Data science isn’t just coding or programming, and if you don't have maths or statistical knowledge, you won't know which algorithms to use in a given situation.
Programming
The number two skill is programming. This is required because of the volume and variety of data we deal with, and it is very difficult to develop models and find solutions without programming skills.
The R and Python programming languages are the most commonly used, and people often ask which one they should choose to learn. R tends to be used when a project uses a lot of statistics, and Python is preferred when a lot of data management is needed.

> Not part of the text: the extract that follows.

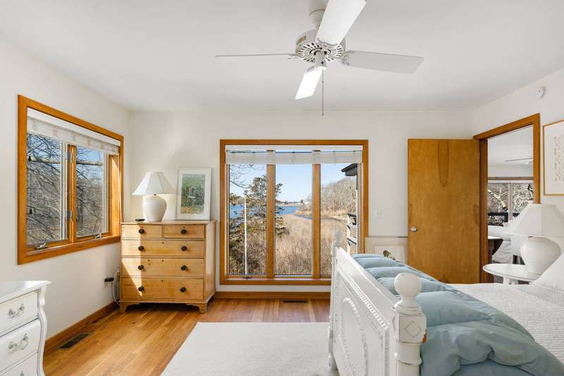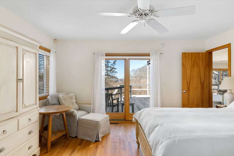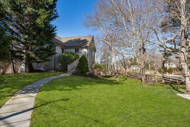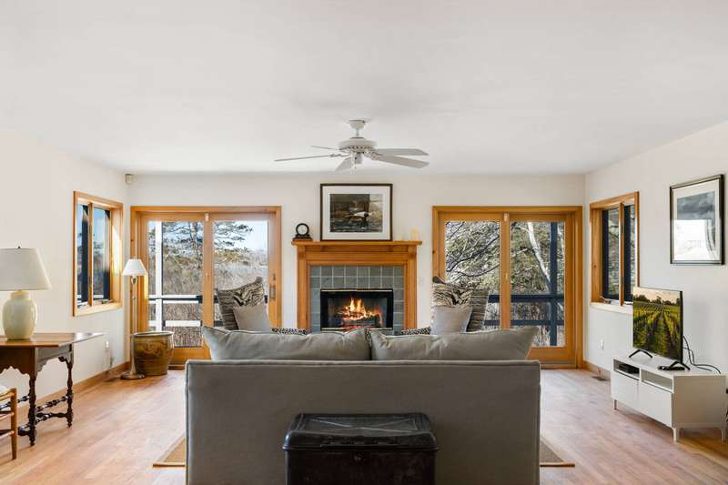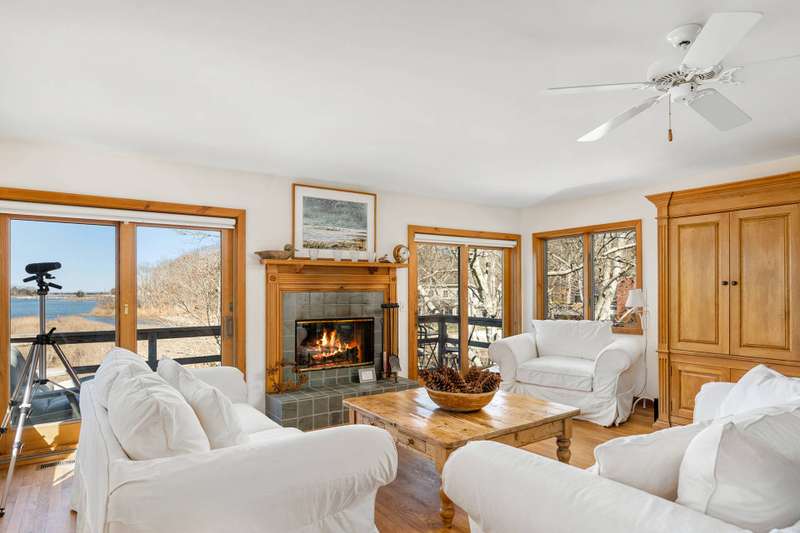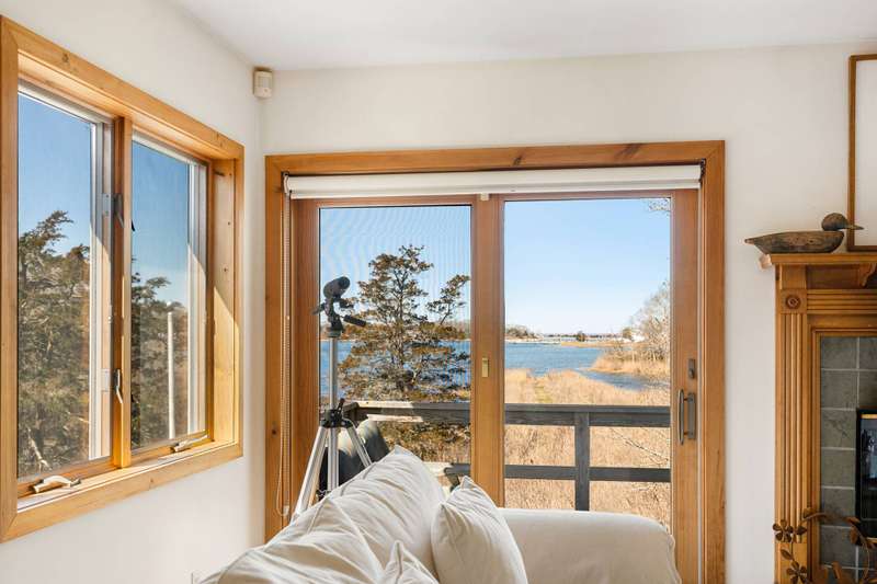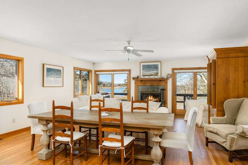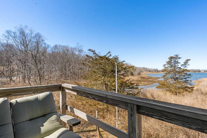 RP240645 - Enjoy tranquil water views and sunsets daily from this contemporary four bedroom, three and one half bath home. Open kitchen, living and dining area with cozy fireplaces make this a wonderful place to to entertain your summer guests. Take advantage of living on the water, one is able to moor a boat in Bullhead Bay in the summer with a permit. Located near 4 world class golf courses, Wolf Swamp Sanctuary and Scallop Pond Preserve this home is in a quiet and natural area to be enjoyed every day.

Generally speaking however, a well-rounded data scientist will be competent in both languages and use them appropriately as needed.
Business/Domain Knowledge
Thirdly, you will need domain or business knowledge, because you need to structure your data science solutions while bearing in mind the specifics of a particular domain.
What factors do we need to consider when we're dealing with the banking sector as opposed to the human resources function, for instance? Obviously, the features or factors are going to be different, and initially a machine would not understand that.
So you need to train a machine using human domain knowledge, so that going ahead, the machine will be able to remember the specific domain factors while it learns from the data given to it.
Communication Skills
Finally, there are communication skills. This is the ability to present findings to decision makers. You may be using very advanced data science, but you have to explain it in a very simple manner to the end user. Otherwise, a model might not get implemented. Therefore the skills of presenting data visually and explaining the research and findings with clear written and verbal communication is hugely important
There are many examples where good, but complicated models have not been implemented because the message about how useful they would be to the organisation was not communicated effectively.